March 7, 2011

Rise in Oil Prices is helping Bitumen Recovery

EDMONTON — While surging oil prices will deliver a financial windfall to the petroleum-powered provincial treasury, a series of major production hiccups over the fiscal year is expected to cost the Alberta government at least $340 million.

An Enbridge pipeline rupture in Michigan last year caused a bitumen bottleneck that squeezed production volumes flowing out of Alberta to the U.S., the province’s top energy customer.

The Alberta government now estimates the Enbridge supply disruption will cost it a minimum of $300 million in lost royalties for the budget year ending in March, but the toll could be “significantly higher” by the time the 2010-11 numbers are finalized.

“We lost considerable amount of royalties because we couldn’t ship our product south,” Premier Ed Stelmach explained during a speech last week.

Furthermore, fires earlier this year at upgraders owned by Canadian Natural Resources and Husky Energy have cut overall production by an estimated 150,000 barrels per day of synthetic crude, which is expected to cost the government as much as $40 million in lost royalties in 2010-11.

“Anytime there’s a loss of production impacting royalty revenues, it is a concern,” said Alberta Energy Minister Ron Liepert. “All of it has an impact, no doubt about it.”

However, he noted the government almost certainly expects annualized oil prices over the course of the current budget year will surpass initial projections, which will stuff unexpected revenue in provincial coffers and help offset the supply hiccups.

Indeed, the government budgeted oil prices at $78.75 US per barrel for 2010-11, but crude is now trading at more than $100 due to unrest and supply worries emerging from the Middle East and North Africa.

Oil has averaged nearly $82 US over the year, and with every $1 increase in annualized crude prices generating an additional $186 million for the province, Alberta could reap an extra $600 million from the energy bonanza.

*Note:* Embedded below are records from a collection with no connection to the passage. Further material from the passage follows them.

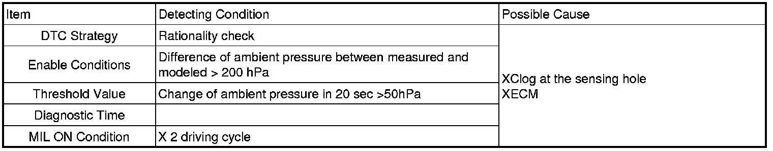 If the change of ambient pressure value is over 50 ha during 20 sec or more, PUCK sets DTC P2226.
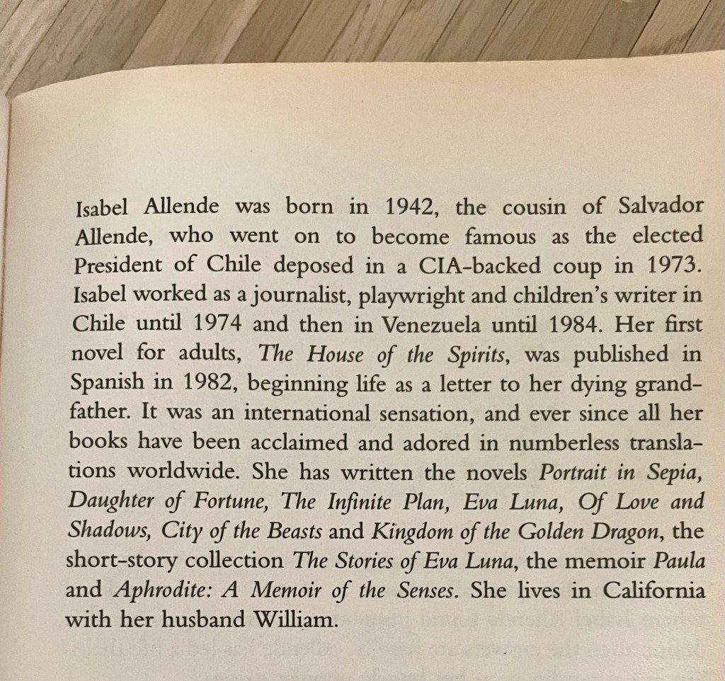 I found her writing imaginative, and the life, fascinating and eventful. Both her personal and professional life as a journalist and writer gave her many homes across the world. Isabel Allende was away from Chile since 1988, and only visited it yearly. Therefore she felt she had to partly ‘invent’ her native country in order to write about it 30 years later.
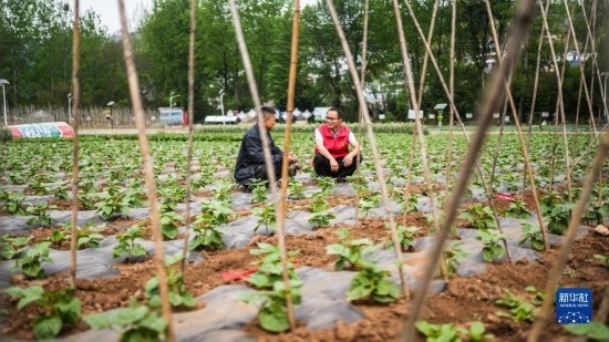 4月14日,農(nóng)技工作者在六盤水市鐘山區(qū)大河鎮(zhèn)大橋村和村民交流蔬菜種植技術(shù)。
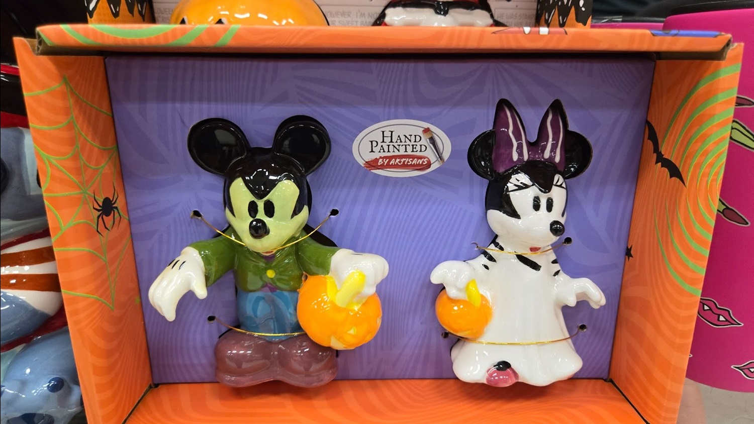 Hand-painted figurines of Mickey and Minnie as Frankenstein’s Monster and the Bride of Frankenstein retail for $12.99.
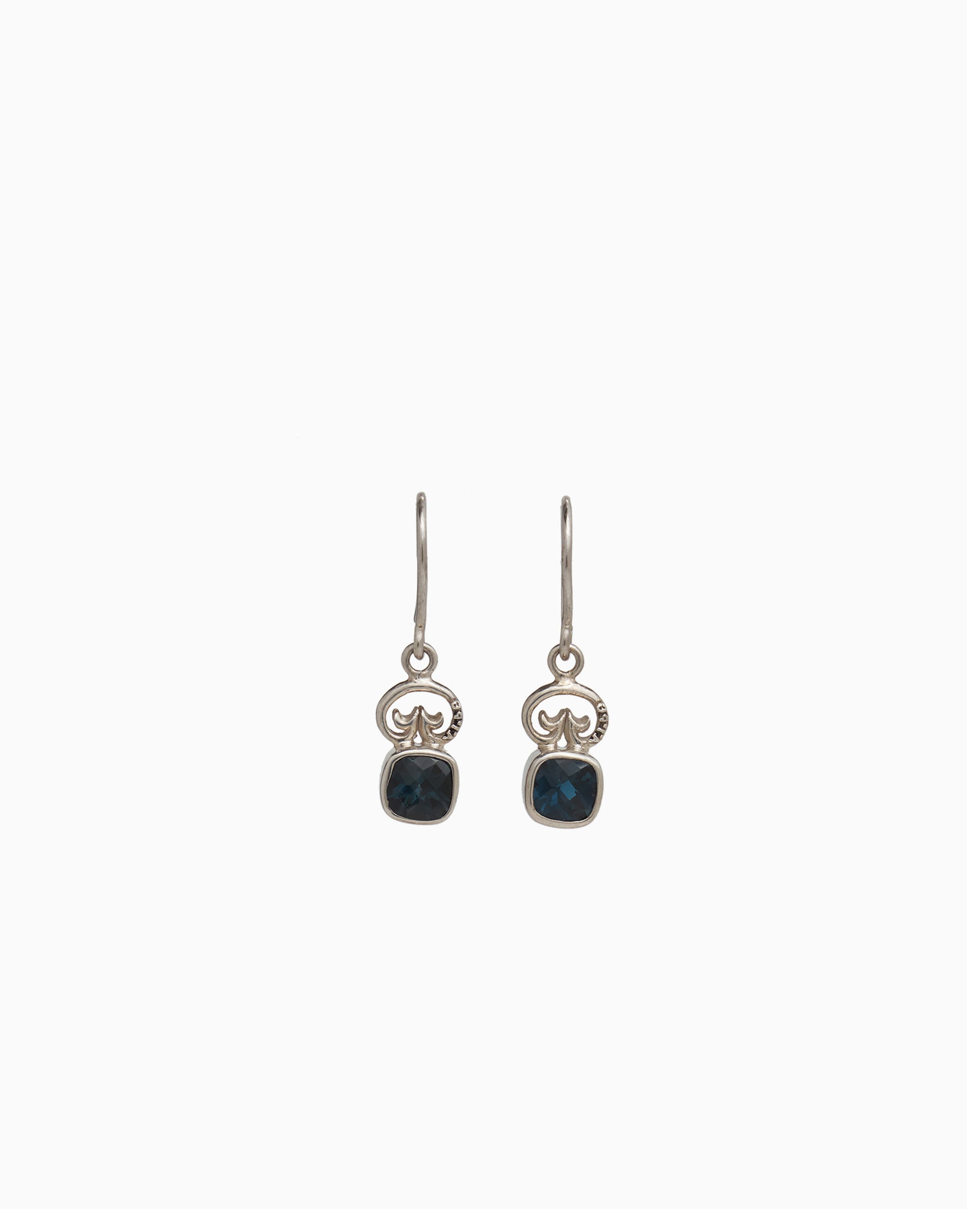 The Petroglyph and Square Stone Drop Earrings are handcrafted in sterling silver and hang gracefully from the earlobe. They showcase a square faceted London Blue Topaz stone, topped with a replica of the iconic St. John petroglyph.

Production constraints in the U.S., combined with the slowdowns at the CNRL and Husky facilities, have driven up the price for synthetic crude, which is experiencing a premium of $15 or more over the benchmark crude sold on the New York Mercantile Exchange.

“You’ve got to take all of this over the course of the year. Take the ups, take the downs,” Liepert added. “That’s one of the difficulties of trying to predict revenue for a province that’s so dependent upon royalties.”

The supply problems — and subsequent royalty hit — stem from pipeline breaks last summer. More than 20,000 barrels of oil leaked into a Michigan river system when Enbridge’s Line 6B ruptured last July, closing the line for nine weeks.

Another spill on Line 6A, a major oil pipeline into the United States, added to a backup of barrels in Alberta and the feeder systems from producers such as Suncor.

Earlier this year, Suncor said it had been storing approximately 15,000 barrels of crude per day, while Enbridge resolved its pipeline capacity issues.

The January fire at Canadian Natural’s Horizon oilsands plant halted production that accounts for about 14 per cent of the company’s total output. Production will increase to 110,000 barrels a day from 55,000 barrels a day in the second quarter, the energy giant predicted last week.

“Clearly, the fire at Horizon will result in a temporary hit to production and cash flow,” CNRL president Steve Laut said following the release of the company’s quarterly results.

The provincial government expects the production crunch at CNRL’s facility will cost it between $30 million and $40 million in lost royalties this fiscal year.

The cash is desperately needed for a Tory government forecasting a $4.8-billion deficit for 2010-11 and an additional $3.4 billion in red ink in the new 2011-12 budget.

NDP leader Brian Mason said the revenue roller-coaster highlights just how dependent the government is on non-renewable resources, and also the need to increase royalty rates to snare additional one-time petroleum cash.

Royalty breaks to petroleum producers and other corporate tax cuts make it nearly impossible for the government to wean itself off its addiction to energy revenue, he argued.

“They’ve become overly dependent on some of this stuff for their revenues,” Mason said. “Alberta’s revenue stream is less stable and less reliable than in the past, and this is an example of that playing out.”